Repeat each line of the material below exactly as it appears, minus any pictures.

· · · · · · ·

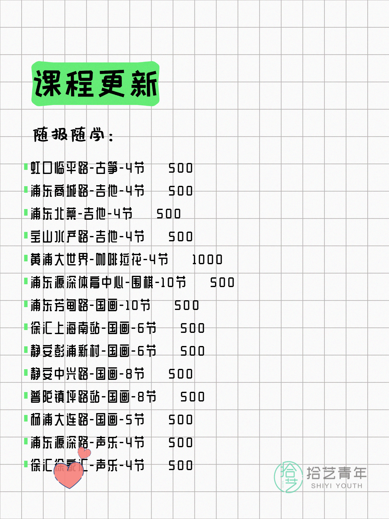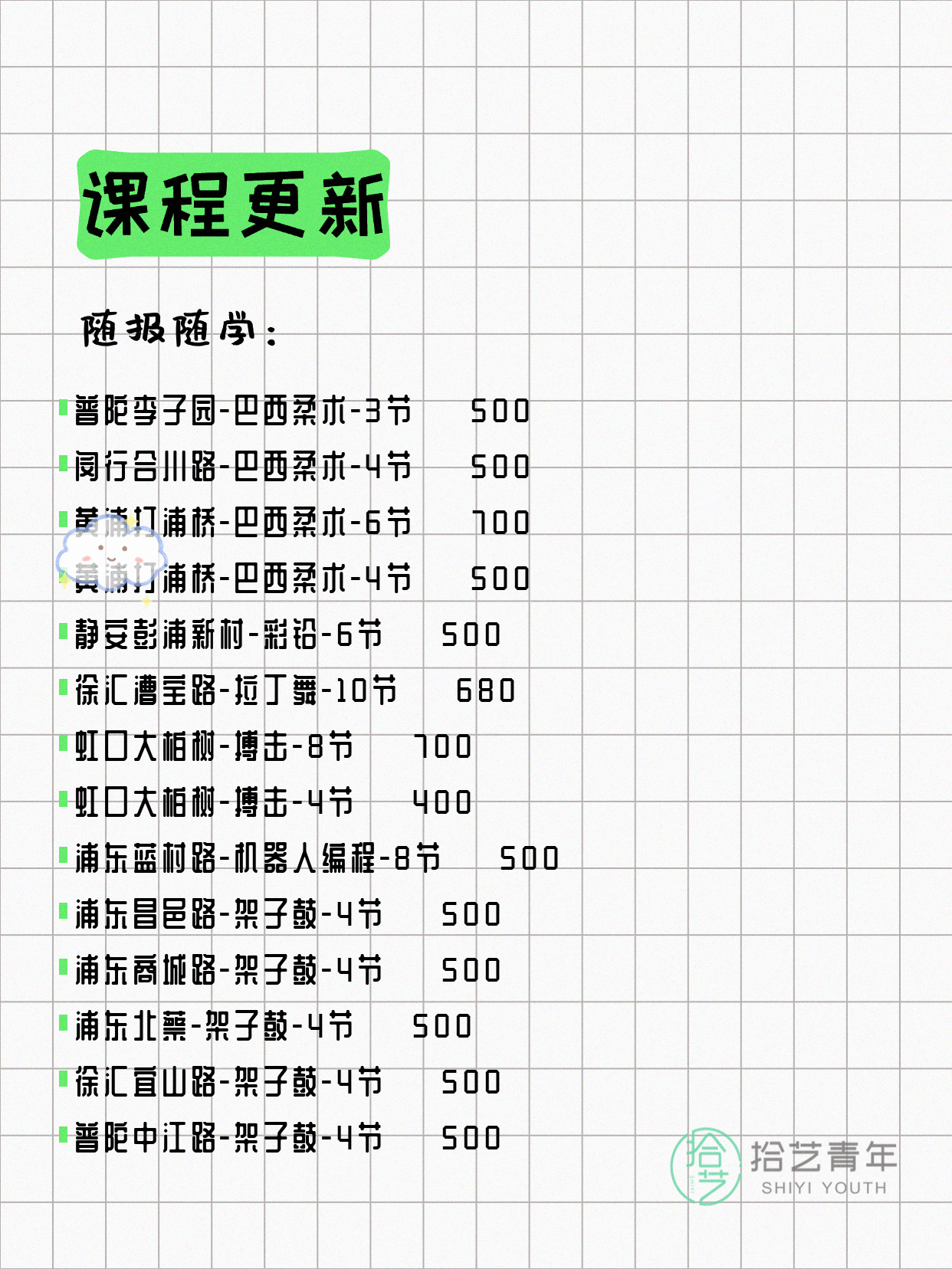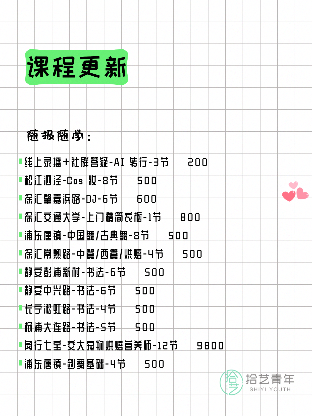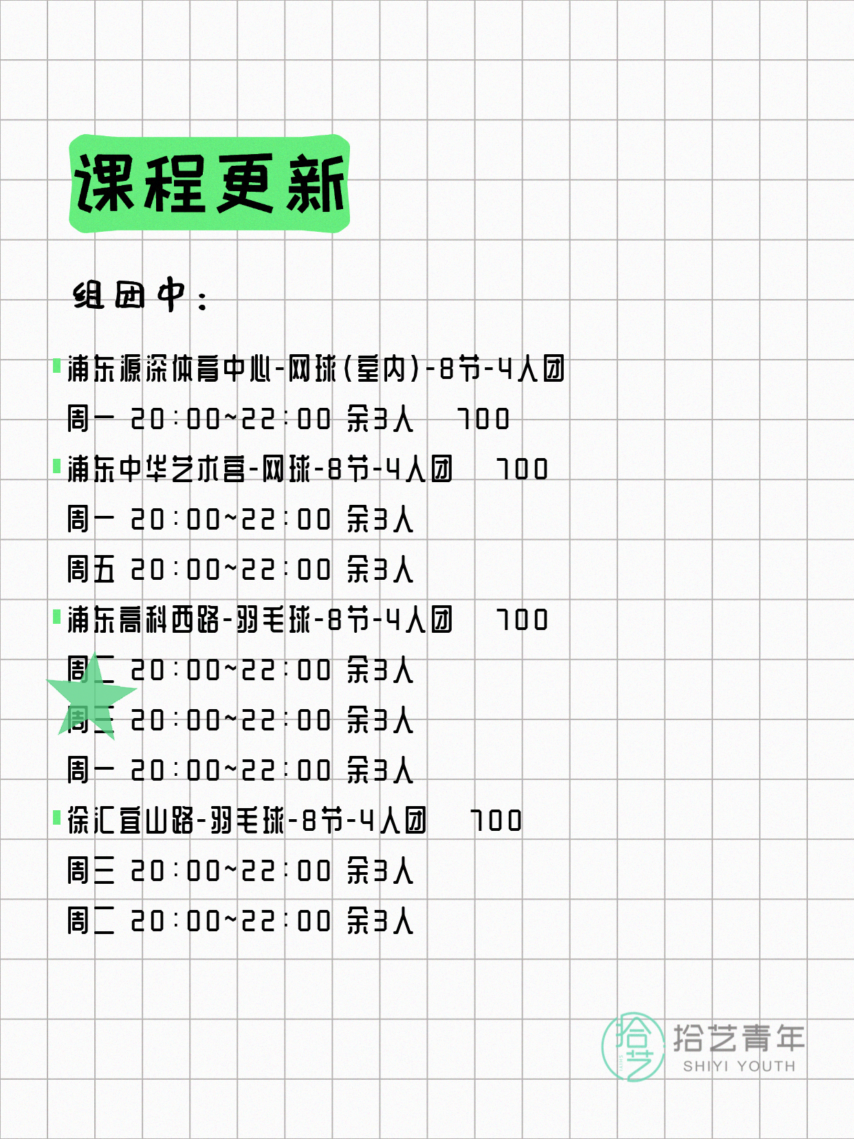资讯>综合>正文4月8日上海夜校课程合集拾艺青年2026-04-081 / 17📊 本期课程概况• 总课程数:368门• 组团中课程:60门• 覆盖区域:15个区详见图片,欢迎报名咨询。💡 提示:以上课程信息来自拾艺青年小程序,课程可能随报名动态变化,具体以小程序实时信息为准。👉 微信小程序链接:#小程序://拾艺青年/WmfwH22mnQUxZwb
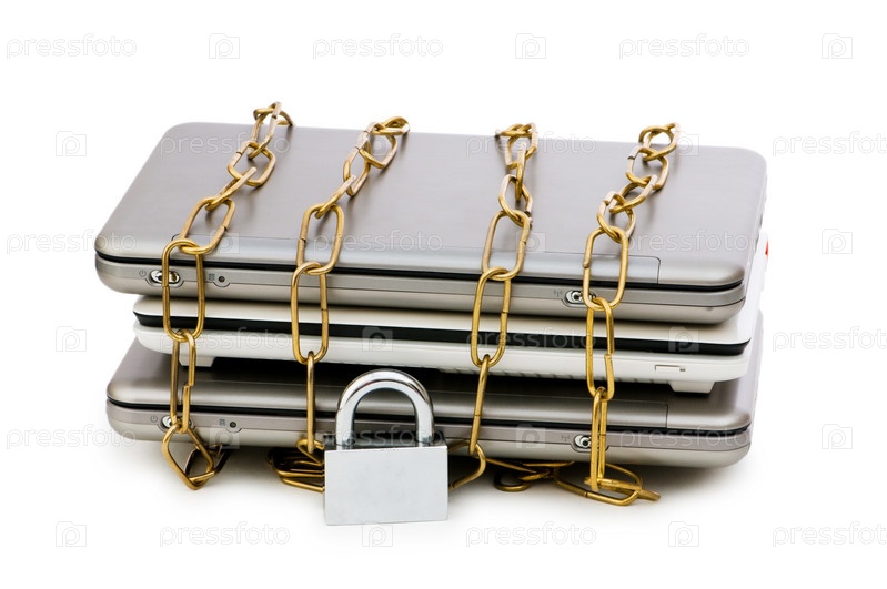 Концепция компьютерной безопасности с ноутбуком и цепью
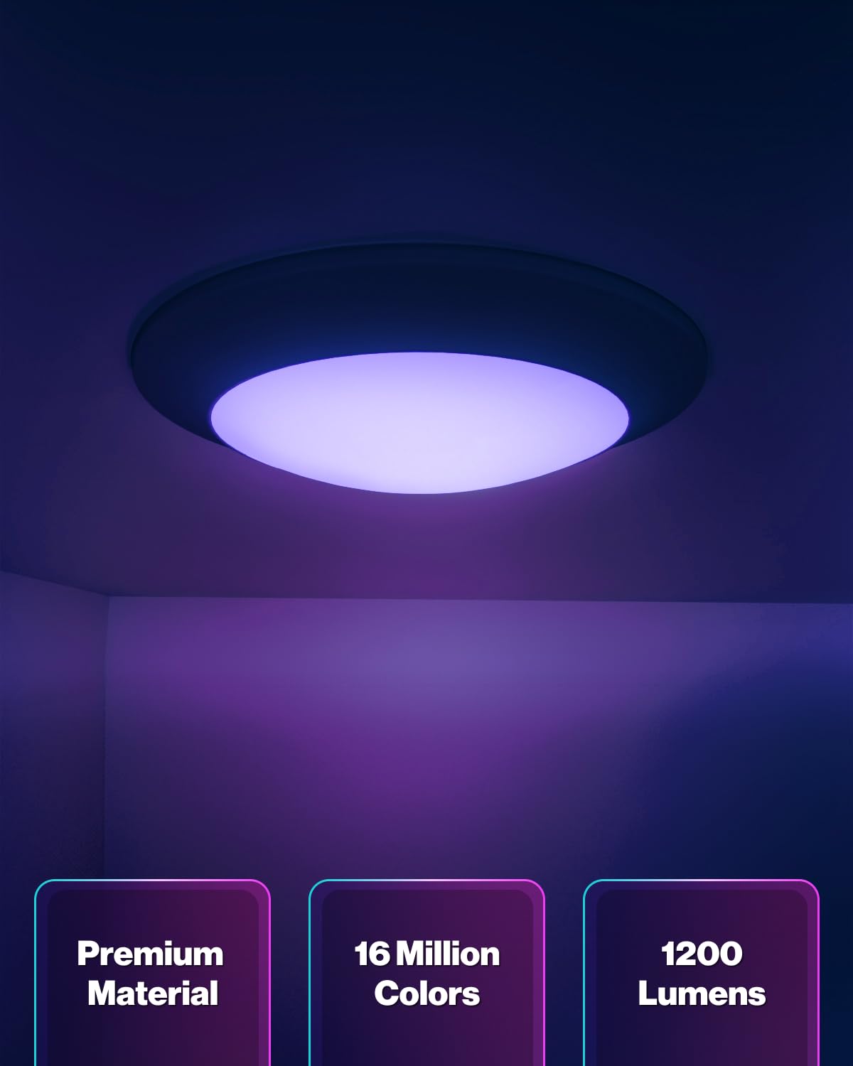These flush mount smart lights combine practicality with style. They are ideal for anyone who likes to alter their lighting to meet their mood or environment because they let you change the brightness and choose from an infinite number of colors using a smartphone app. When you want a combination of functional lighting and vibrant, exciting accents, they look wonderful. In comparison to conventional ceiling lighting, the classic warm or cool white options offer an abundance of brightness that exceeded my expectations. One important factor to take into account is that these lights are controlled by a smartphone app. Although the app makes customization easy, people who prefer real switches or remote controls might not find it appealing. Fortunately, the lights do remember the last used light setting so when you flip the light switch off and on again, it will resume to the last used color and brightness. The requirement to launch an app each time to make a color alteration can be a hassle to some people. This might not be a big deal, though, if you don’t alter lighting settings often, and the functions of the app might feel more like a one-time convenience. An important advantage is that installation is simple and you do not need to be an electrician to set up. After hours of trying, I had one light that refused to connect to the app, which took away from the otherwise satisfying setup. All things considered, these lights excel in their ability to produce vibrant illumination.
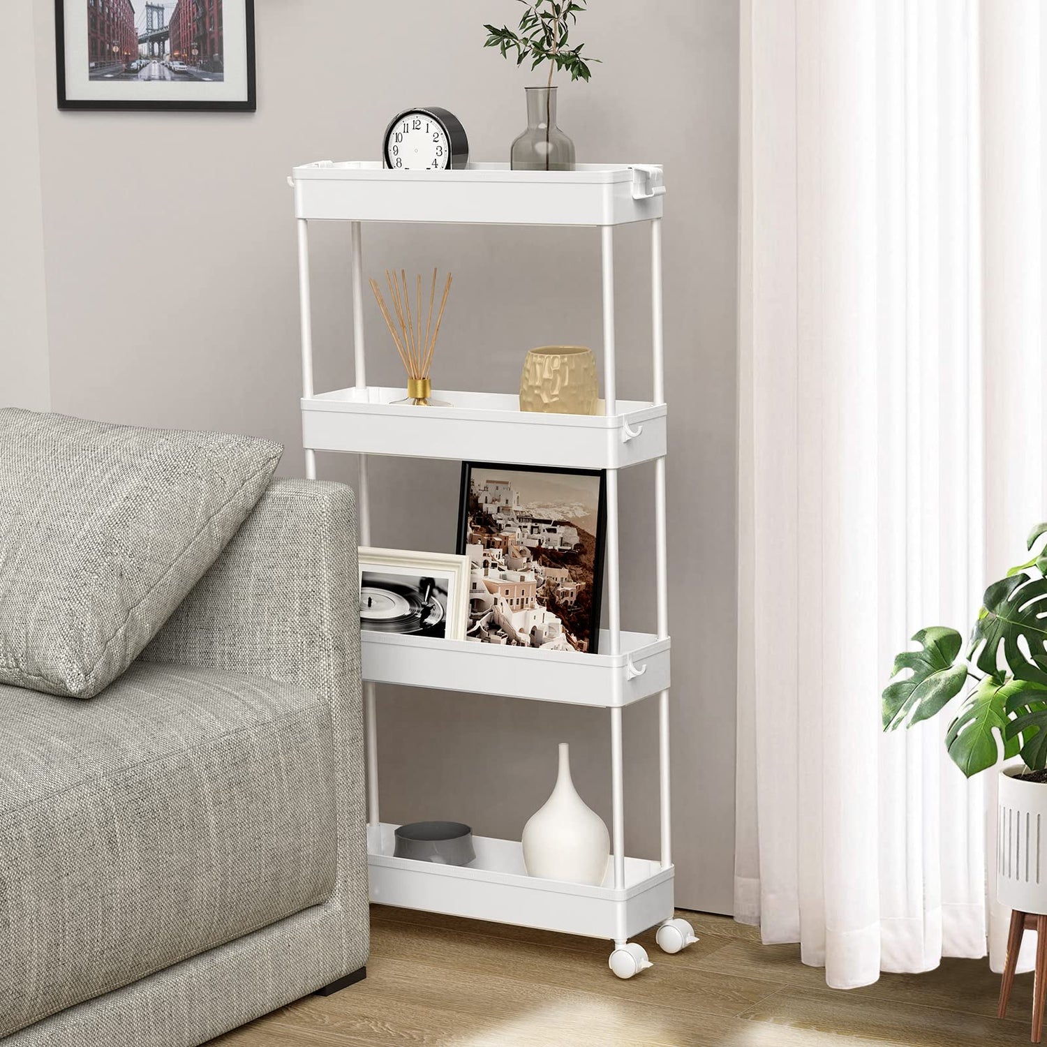 SPACELEAD Slim Storage Cart 4 Tier,Bathroom Organizer Rolling Utility, Mobile Shelving Unit Slide Out for Office, Kitchen, Laundry Room & Narrow Places,White
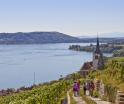Thanks to the influence of the nearby lakes, this gentle-hilled region possesses a moderate and airy climate, in which autumnal mists are quite frequent. The difference in soils from one vineyard to another is reflected in the numerous nuances of bouquet in the Chasselas wines.
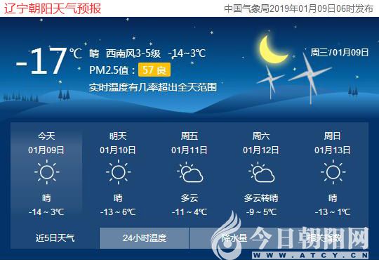 今天是2019年1月9日,星期三,農(nóng)歷臘月初四。遼寧朝陽(yáng)晴,氣溫-14~3℃,西南風(fēng)3~5級(jí)??諝赓|(zhì)量良好,日出時(shí)間:07:25;日落時(shí)間:16:45。
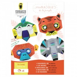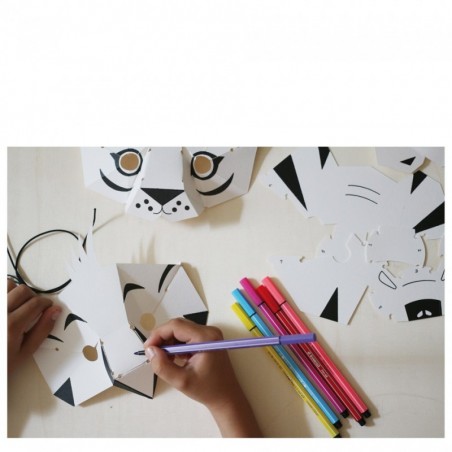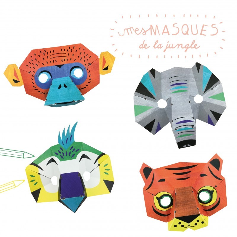 Chaque masque prend forme en assemblant le papier grâce à des élastiques (système breveté Elastiblock®). Ils sont ensuite prêts à être colorés selon son imagination ! Une activité manuelle 3D ou chacun peut choisir son totem, tigre, éléphant, singe ou perroquet. À chacun son animal de la jungle ! Idéal pour offrir en cadeau, pour se déguiser ou aussi pour décorer une chambre.

· · · · · · ·

▶ **THE COMPLETED TASK**:
资讯>综合>正文4月8日上海夜校课程合集拾艺青年2026-04-081 / 17📊 本期课程概况• 总课程数:368门• 组团中课程:60门• 覆盖区域:15个区详见图片,欢迎报名咨询。💡 提示:以上课程信息来自拾艺青年小程序,课程可能随报名动态变化,具体以小程序实时信息为准。👉 微信小程序链接:#小程序://拾艺青年/WmfwH22mnQUxZwb
 Концепция компьютерной безопасности с ноутбуком и цепью
These flush mount smart lights combine practicality with style. They are ideal for anyone who likes to alter their lighting to meet their mood or environment because they let you change the brightness and choose from an infinite number of colors using a smartphone app. When you want a combination of functional lighting and vibrant, exciting accents, they look wonderful. In comparison to conventional ceiling lighting, the classic warm or cool white options offer an abundance of brightness that exceeded my expectations. One important factor to take into account is that these lights are controlled by a smartphone app. Although the app makes customization easy, people who prefer real switches or remote controls might not find it appealing. Fortunately, the lights do remember the last used light setting so when you flip the light switch off and on again, it will resume to the last used color and brightness. The requirement to launch an app each time to make a color alteration can be a hassle to some people. This might not be a big deal, though, if you don’t alter lighting settings often, and the functions of the app might feel more like a one-time convenience. An important advantage is that installation is simple and you do not need to be an electrician to set up. After hours of trying, I had one light that refused to connect to the app, which took away from the otherwise satisfying setup. All things considered, these lights excel in their ability to produce vibrant illumination.
 SPACELEAD Slim Storage Cart 4 Tier,Bathroom Organizer Rolling Utility, Mobile Shelving Unit Slide Out for Office, Kitchen, Laundry Room & Narrow Places,White
Thanks to the influence of the nearby lakes, this gentle-hilled region possesses a moderate and airy climate, in which autumnal mists are quite frequent. The difference in soils from one vineyard to another is reflected in the numerous nuances of bouquet in the Chasselas wines.
 今天是2019年1月9日,星期三,農(nóng)歷臘月初四。遼寧朝陽(yáng)晴,氣溫-14~3℃,西南風(fēng)3~5級(jí)??諝赓|(zhì)量良好,日出時(shí)間:07:25;日落時(shí)間:16:45。
 Chaque masque prend forme en assemblant le papier grâce à des élastiques (système breveté Elastiblock®). Ils sont ensuite prêts à être colorés selon son imagination ! Une activité manuelle 3D ou chacun peut choisir son totem, tigre, éléphant, singe ou perroquet. À chacun son animal de la jungle ! Idéal pour offrir en cadeau, pour se déguiser ou aussi pour décorer une chambre.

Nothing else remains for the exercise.